Originally Posted by

**pflo** Good start. There are probably simplier ways, but I'm a fan of being systematic. I always want to be dealing with the same angle in all my trig functions. I'd use the double-angle identities for both sine and cosine, then simplify and factor so I could use the zero product property to solve:

$\displaystyle 2\sin{x}\cos{x}+\cos{x}(1-\sin{x}^2)-\sin{x}(2\sin{x}\cos{x})=0$

$\displaystyle \cos{x}(2\sin{x}+1-\sin{x}^2-2\sin{x}^2)=0$

$\displaystyle \cos{x}(2\sin{x}+1-3\sin{x}^2)=0$

Applying the zero product property...

$\displaystyle \cos{x}=0$

$\displaystyle x=\arccos{x}$

$\displaystyle x=\pm\frac{\pi}{2}+2{\pi}k$

and...

$\displaystyle 3\sin{x}^2-s\sin{x}-1=0$

$\displaystyle 3\sin{x}+1=0$ and $\displaystyle \sin{x}-1=0$

Solve these (don't forget that you'll get multiple solutions like above with the cosine - then limit them to your interval).

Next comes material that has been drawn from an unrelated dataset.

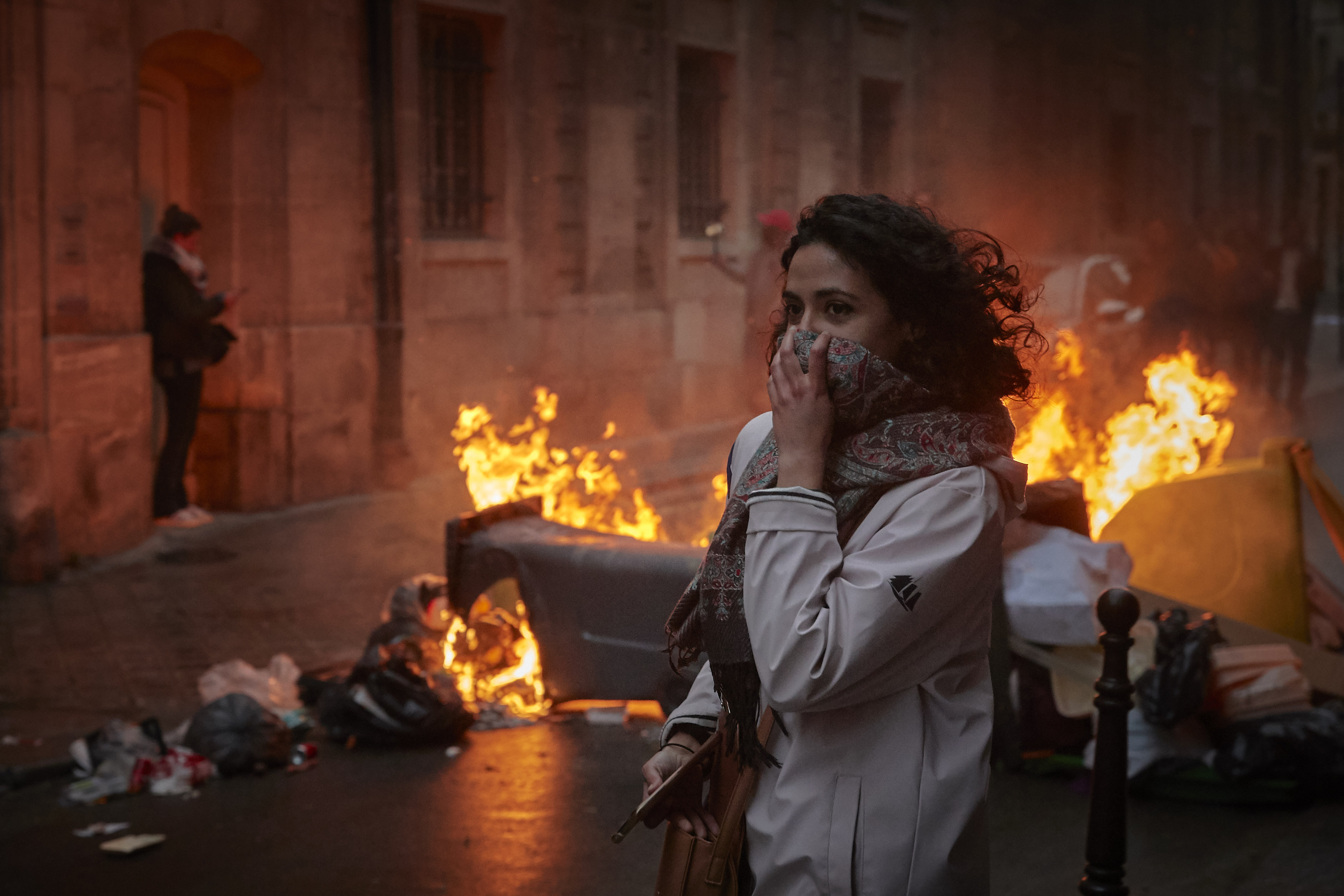 A woman runs past a burning barricade holding a scarf to her face during demonstrations in central Paris against the French Government's Pension Law ahead of a final decision on the law by French lawmakers on April 14, 2023 in Paris, France. After three months of nationwide strikes and protests against the French Government's plans to raise the minimum pension age from 62 to 64, the ruling by France's highest constitutional court means that the Government can pass the law as early as next week. (Photo by Kiran Ridley/Getty Images)

Follow the same procedure for this problem. Get all the angles the same in your trig functions, then use the zero product property to solve. With the cosine double-angle identity, use $\displaystyle \cos{2t}=1-2\sin{t}^2$ instead of the other versions so that you'll have something to factor out (the $\displaystyle \sin{x}$) once you get it equal to zero.